> Dataset records
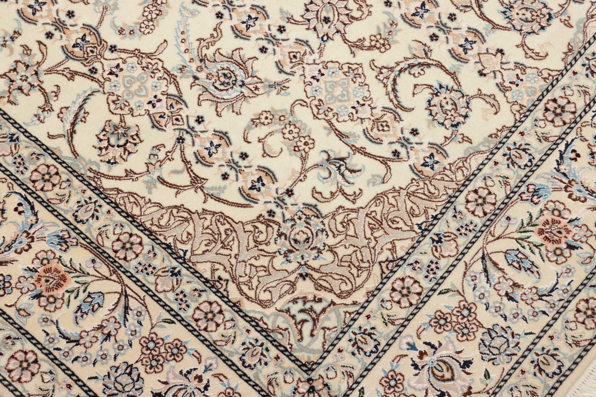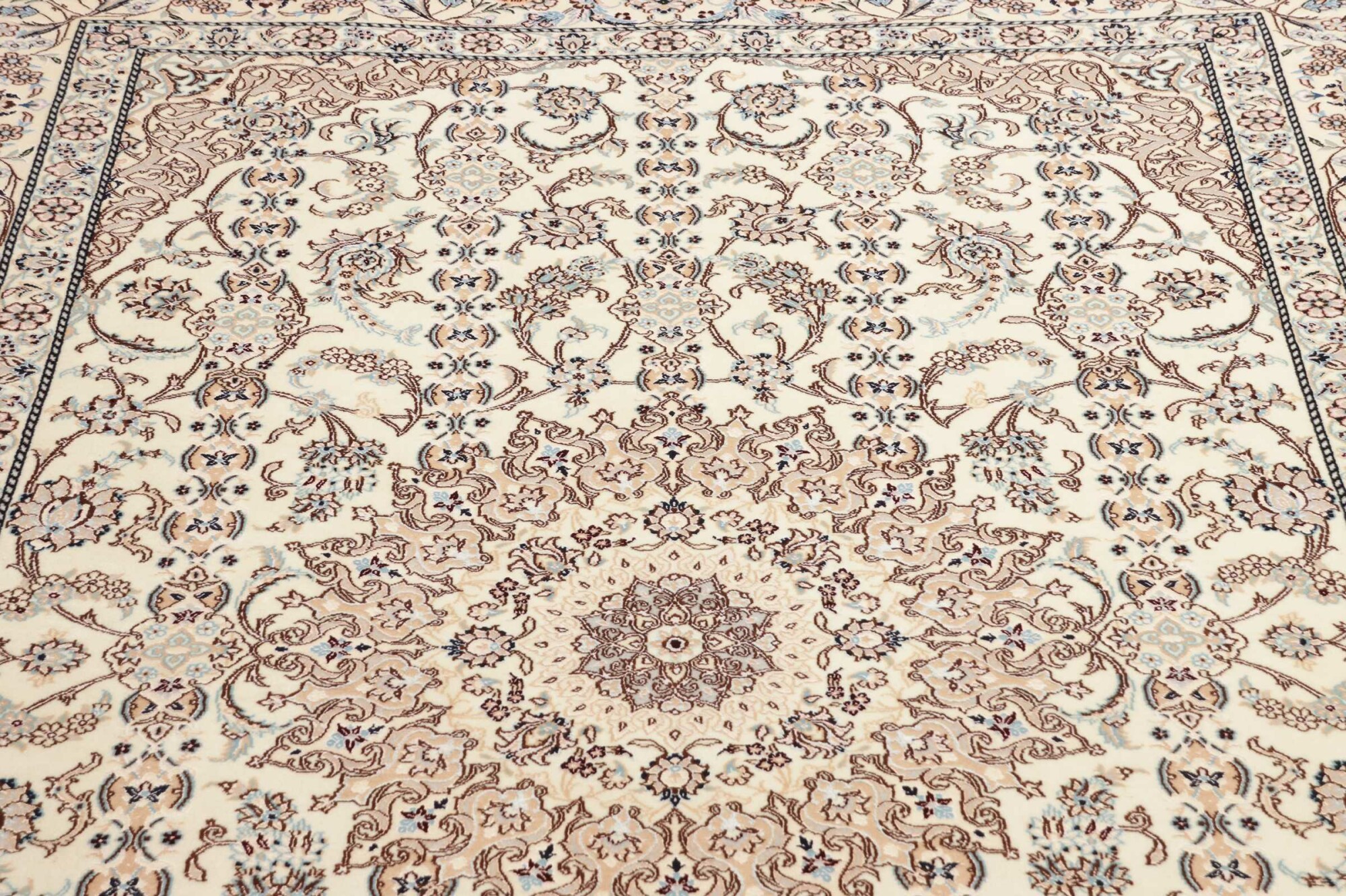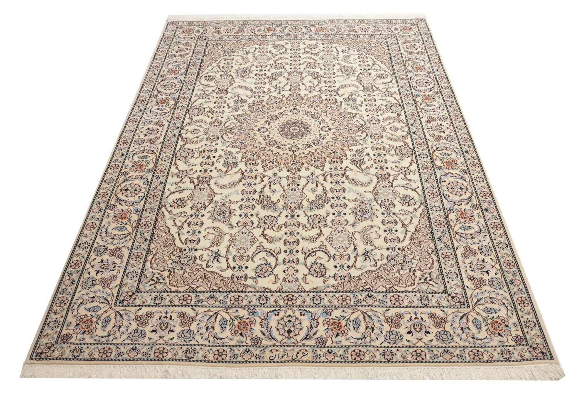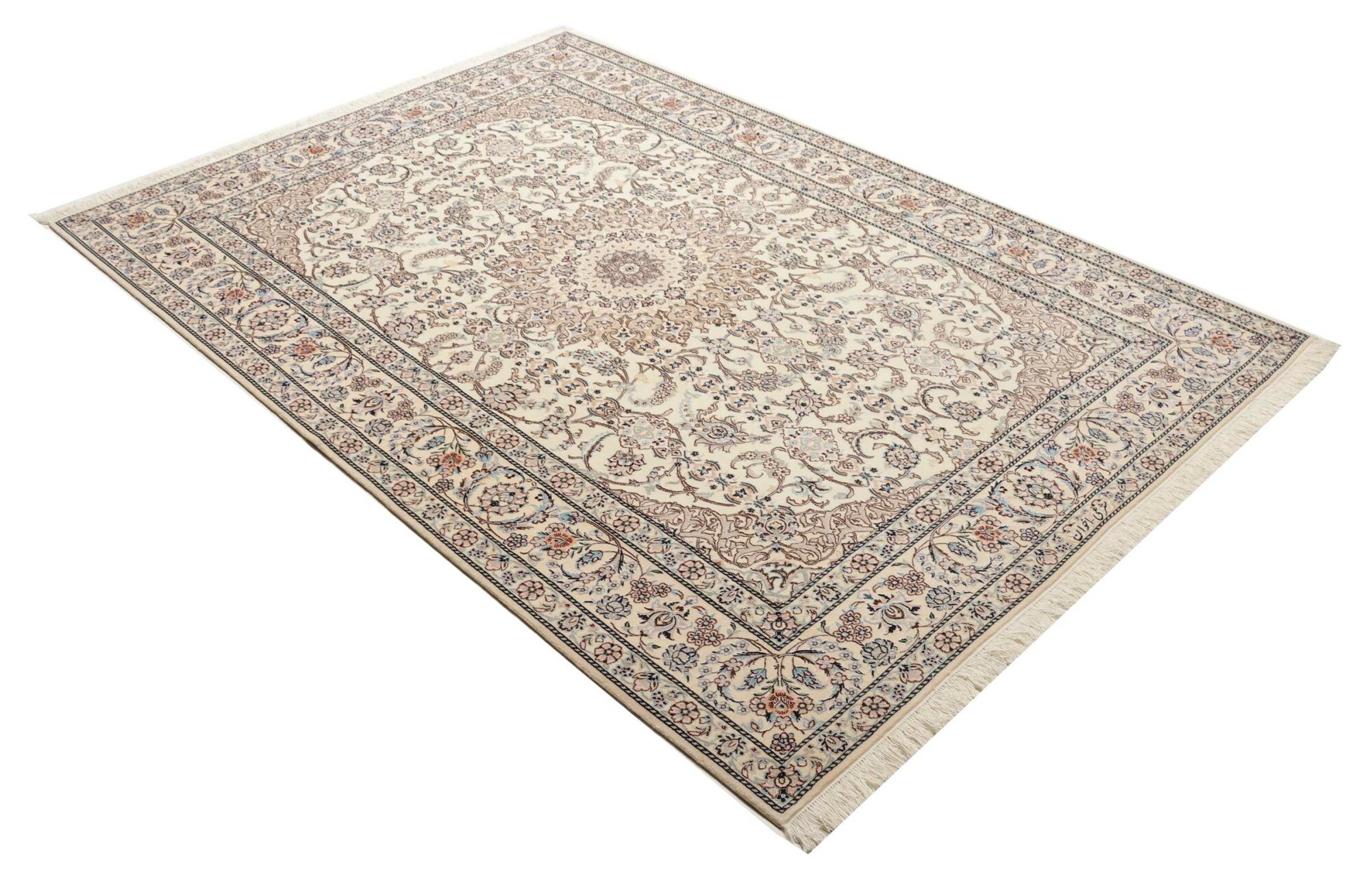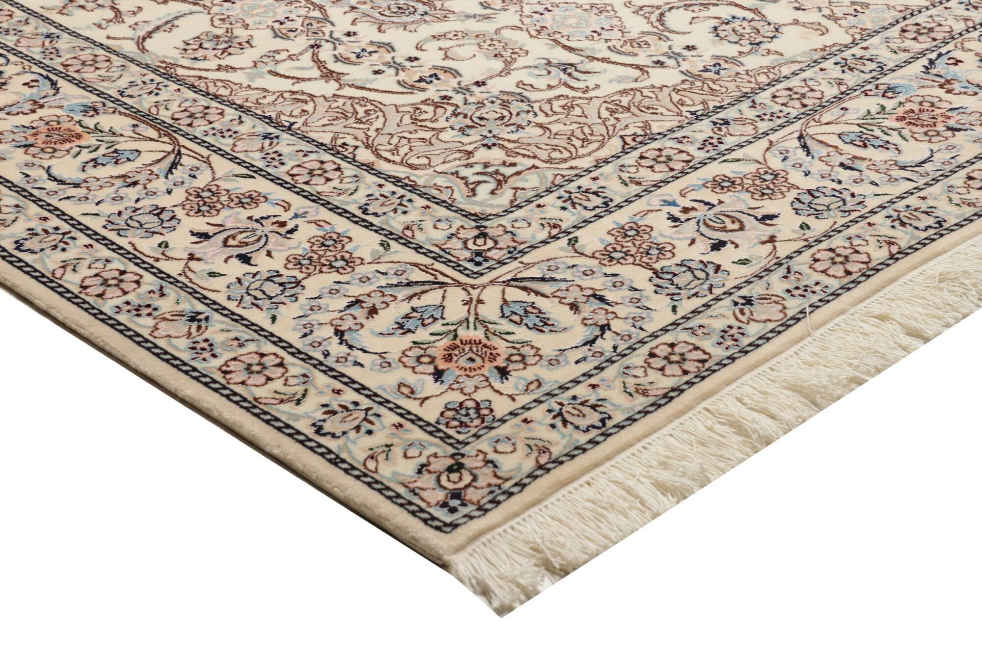 Nain carpets are high-quality Persian rugs woven in the Nain region of Iran. Known for their intricate designs, these carpets feature fine details, often incorporating floral and medallion patterns. Made from premium wool or silk, Nain carpets are prized for their elegance, durability, and smooth texture.
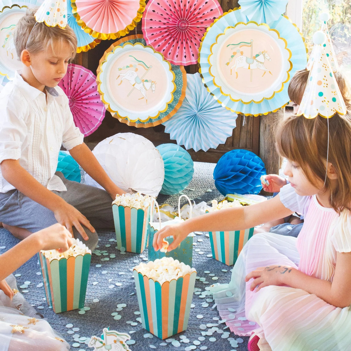 Transform any gathering into a whimsical celebration. This enchanting set captures the playful spirit of a carnival, featuring delightful cotton candy-shaped plates, starry napkins, polka dot...
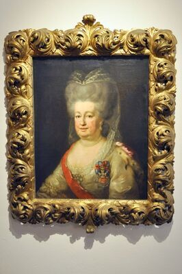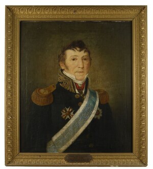 Halbfigurenporträt in sitzender Position. Die Dargestellte sitzt auf einem Lehnstuhl in schwarzem Kleid mit weißer Bluse. Auf Ihrer linken Seite sind insgesamt acht Orden angeheftet. Zum Zeitpunkt der Entstehung des Gemäldes war Walburga Weinspach 65 Jahre alt. Vielleicht ist das Gemälde anlässlich des Übergangs in das Rentenalter entstanden. Die Orden verweisen insbesondere auf die Zeit von Frau Weinspach als Rot-Kreuz-Schwester im Ersten Weltkrieg. Oben rechts der bayerische Luitpold-Orden. Friedrich Ulm war als Zeichenlehrer an der Speyrer Realschule tätig.
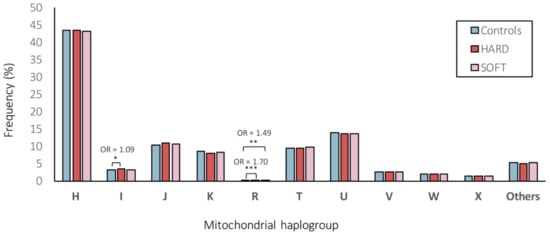 Frequencies (%) of mitochondrial (MT) haplogroups within HARD and SOFT CAD phenotypes vs. controls. ***, ** and * represent statistically significant (of p < 0.001, p < 0.01 and p < 0.05, respectively) differences between the comparison groups.
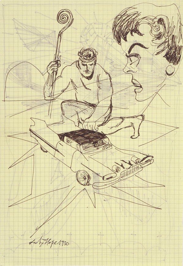29.7 × 21 cm Marker pen on paperDrawingThis Island EarthFruits de la PassionHOFEA33892 - 1996Untitled (Man with crook, Joan Crawford and car)
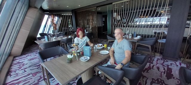 Gegen einen kleinen Aufpreis kann man ein serviertes Frühstück, bei schöner Aussicht, zum Heck hinaus, in Ruhe genießen. Danach gingen wir ins Theater um uns einen Vortrag über Indien anzuhören.
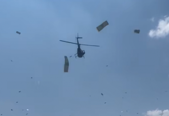 유언에 따라 헬기 띄워 5000달러 뿌려
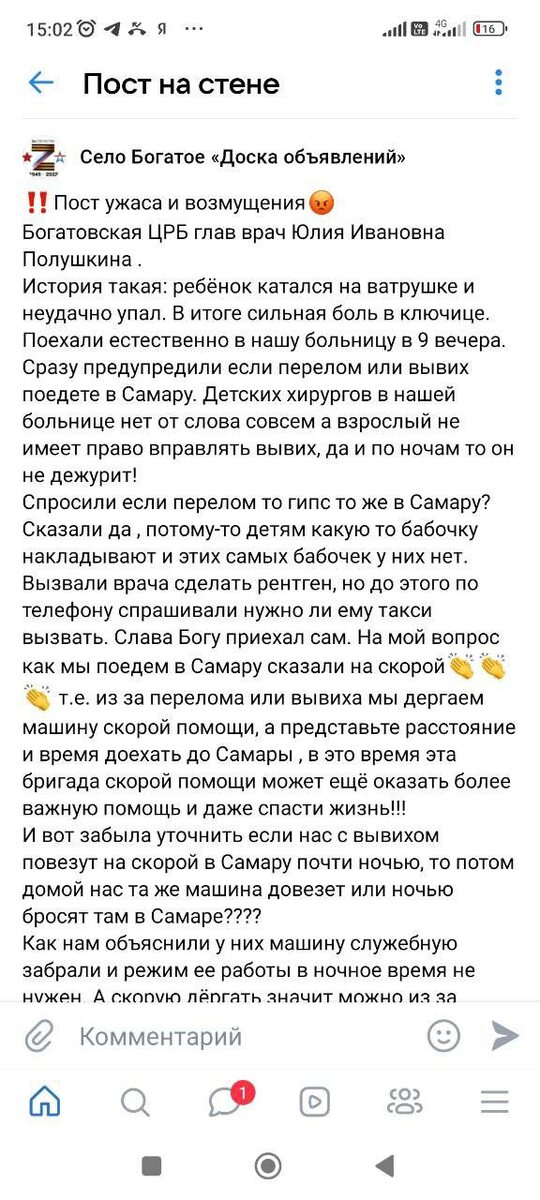 Но из официального ответа Министерства здравоохранения Самарской области внезапно «всплыл» вопрос объединения Богатовской центральной районной больницы с Кинель-Черкасской ЦРБ. Естественно, без публичных обсуждений, без диалога с жителями и без учёта реальных условий жизни района Формально всё, как обычно, выглядит спокойно. Людей успокаивают, мол, вопрос рассматривается», «переживать не о чем», «штат и финансирование сохранятся», лишь бы не было лишнего шума. Но на практике, как рассказывают местные жители, ситуация уже сейчас близка к катастрофе Рассказывают, что в районе критически не хватает врачей. Хирург на полставки, пенсионного возраста, с серьёзными проблемами со здоровьем. Второй специалист приезжает из соседнего района, появляется на приёме на пару часов и не оперирует. Запись к врачу закрывается в первые дни месяца, несмотря на заявления о «свободных слотах». Людям предлагают подождать 27 дней или ехать куда-то ещё за свой счёт. Тем временем Министерство здравоохранения в
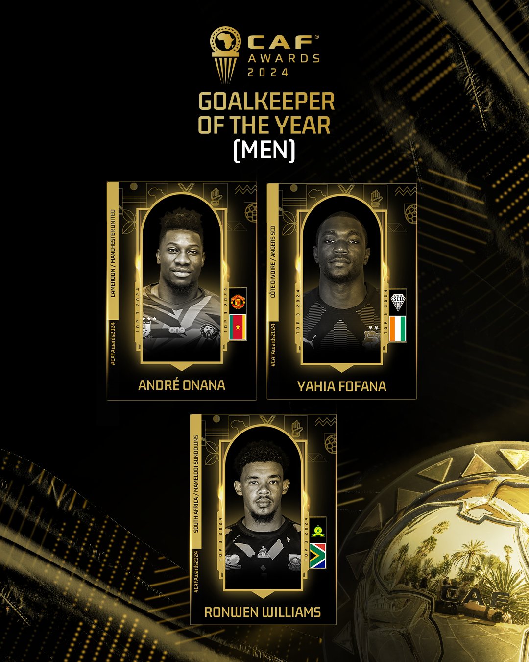قائمة المرشحين النهائية لجائزة أفضل حارس في أفريقيا 2024
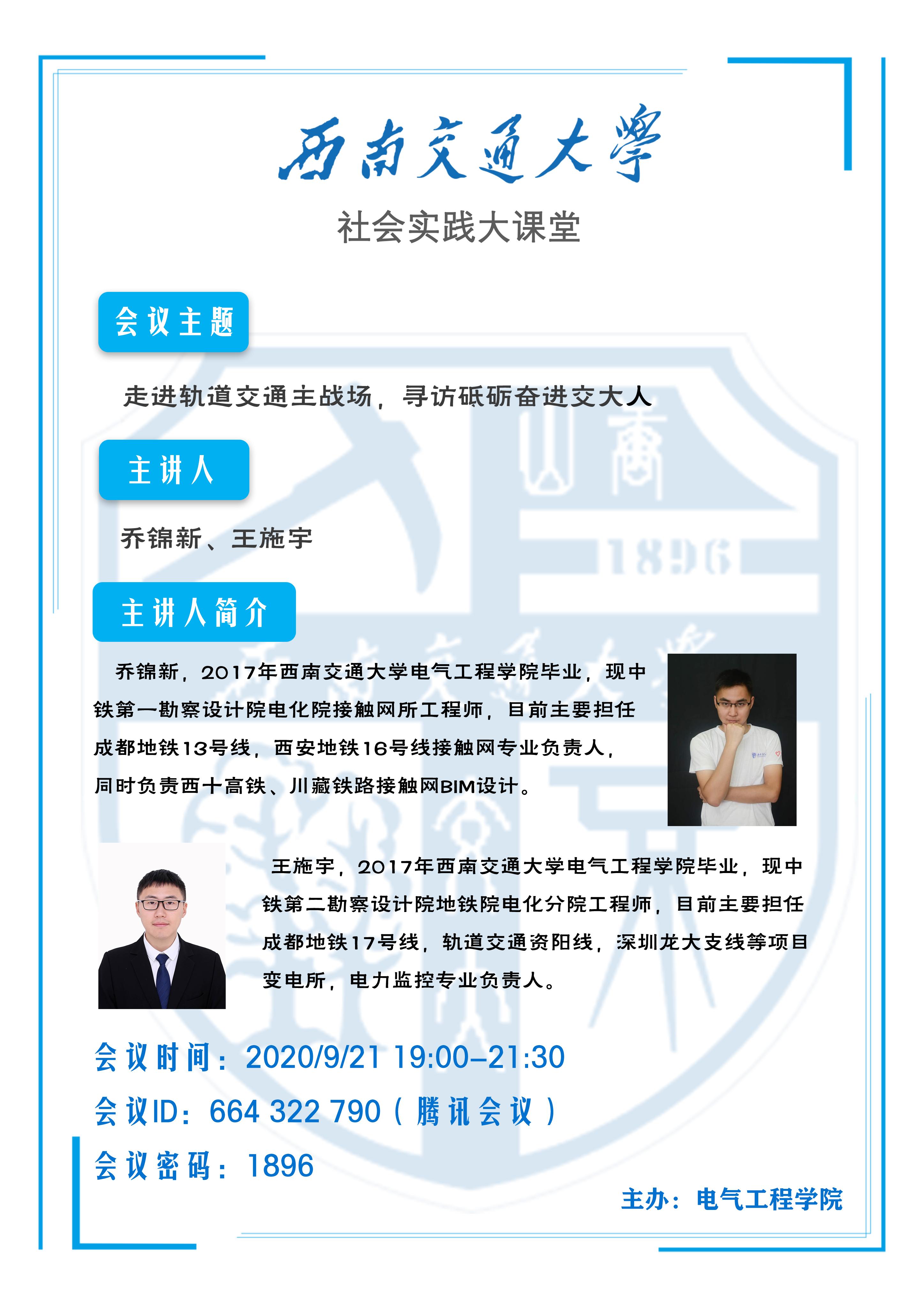 为深入学习贯彻习近平新时代中国特色社会主义思想和党的十九大精神,进一步学习体会新时代交大人在轨道交通领域中发挥的强大力量,2020年9月21日,MK SPORTS暑期“三下乡”实践队以开展社会实践大讲台为契机,邀请到了毕业于MK SPORTS研究生院的优秀员工乔锦新和王施宇学长开展线上经验分享活动。
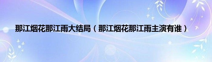 大家好,那江烟花那江雨大结局,那江烟花那江雨主演有谁很多人还不知道,现在让我们一起来看看吧!
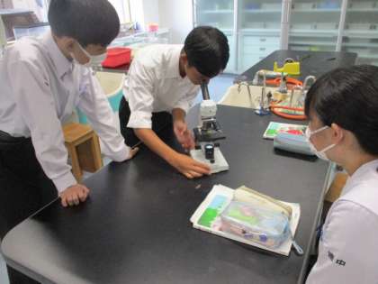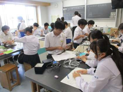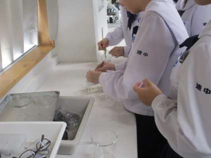 2限、29Hの授業に様子です。水草を用いて光合成のはたらきとは何かについて学習しています。
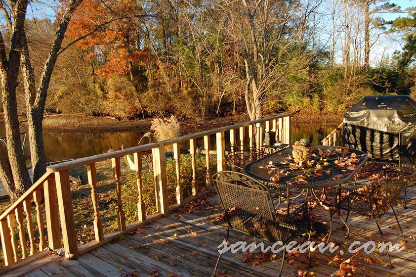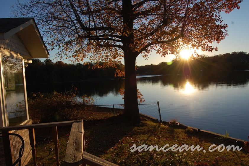 Last week, we vacationed in Hot Springs, Arkansas, renting a lakeside home that allowed for this beautiful sunrise shot. Sunlight soon spilled over the back deck.
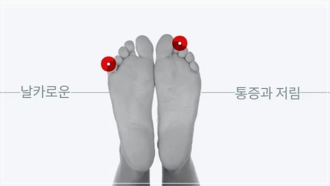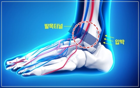 발이 저리면 ‘발목터널증후군’일 수 있습니다. 복숭아뼈 뒤쪽에 있는 신경 통로가 눌려 발생하는데, 발바닥 안쪽과 복숭아뼈 주변, 엄지발가락이 모두 저립니다. 혈액순환 장애로 인한 손발 저림은 일시적이며, 자세를 바르게 하면 곧 사라집니다. 손발 끝이 차갑고 창백해지는 것도 특징입니다. 반면 손·발목터널증후군일 때는 저린 증상이 거의 동일한 부위에 반복적으로 발생합니다.

> Try it
Your answer must be the lines from the one containing "大家好,那江烟花那江雨大结局" through the last line of the listing above, restated word for word, with no pictures.

> Result of the task
 大家好,那江烟花那江雨大结局,那江烟花那江雨主演有谁很多人还不知道,现在让我们一起来看看吧!
 2限、29Hの授業に様子です。水草を用いて光合成のはたらきとは何かについて学習しています。
 Last week, we vacationed in Hot Springs, Arkansas, renting a lakeside home that allowed for this beautiful sunrise shot. Sunlight soon spilled over the back deck.
 발이 저리면 ‘발목터널증후군’일 수 있습니다. 복숭아뼈 뒤쪽에 있는 신경 통로가 눌려 발생하는데, 발바닥 안쪽과 복숭아뼈 주변, 엄지발가락이 모두 저립니다. 혈액순환 장애로 인한 손발 저림은 일시적이며, 자세를 바르게 하면 곧 사라집니다. 손발 끝이 차갑고 창백해지는 것도 특징입니다. 반면 손·발목터널증후군일 때는 저린 증상이 거의 동일한 부위에 반복적으로 발생합니다.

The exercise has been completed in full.